Upgrading From Earlier Versions

Catalogs generated with repoze.catalog versions prior to 0.8.0 require migration in order to add some house keeping data to the indexes that was not needed prior to 0.8.0. The easiest way to migrate a catalog is actually to delete the catalog and reindex your content objects. This is sufficient in the vast majority of cases, since the catalog merely indexes data which itself lives outside of the catalog, either in the same ZODB instance or in another database altogether.

For particularly large datasets, rebuilding your catalog from scratch can potentially take a long time. In order to make this less painful, repoze.catalog does contain a migration utility which can migrate an existing catalog in a much shorter period of time. This utility comes in three different flavors which can be used according to your use case. The primary problem being solved by the migration utility is making the indexes aware of all of the docids stored in the catalog, not just just the docids of documents which have values in a particular index. To this end, the three different flavors of migration utility represent three different ways to obtain the set of all document ids stored in the catalog.

Migrate Using a Document Map

It will be the easiest and fastest to migrate your pre-0.8.0 catalog if you are using a document map which is an instance of repoze.bfg.document.DocumentMap:

from repoze.catalog.migration import migrate_to_0_8_0_from_document_map

migrate_to_0_8_0_from_document_map(catalog, document_map)

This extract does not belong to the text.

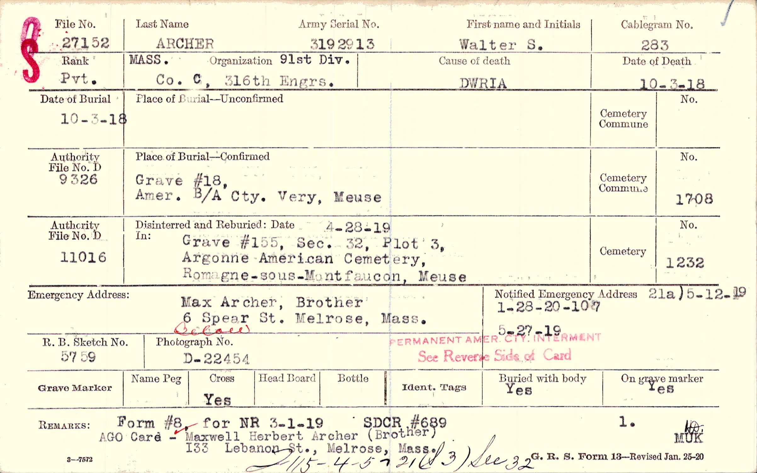 AGO card - Maxwell Herbert Archer (Brother) 133 Lebanon St., Melrose, Mass., Form #8, for NR 3-1-19, F115-4-5-21 (S3) Sec 32, SDCR #689

Migrate Using Self-Generated Set of Docids

Alternatively, if you do not use a document map, you can use a self-generated set of document ids. It is up to your application to calculate the set of all document ids used in the catalog:

from repoze.catalog.migration import migrate_to_0_8_0_from_docids

migrate_to_0_8_0_from_docids(catalog, docids)

Let the Migration Utility Calculate the Set of Docids

Your last option is to allow the migration utility to calculate the set of all docids by examinging the indexes in the catalog. If you can assume that every document indexed by the catalog has a value in at least one index, then this method, while potentially slow, should succeed in calculating the superset of all document ids in the catalog:

from repoze.catalog.migration import migrate_to_0_8_0

migrate_to_0_8_0(catalog)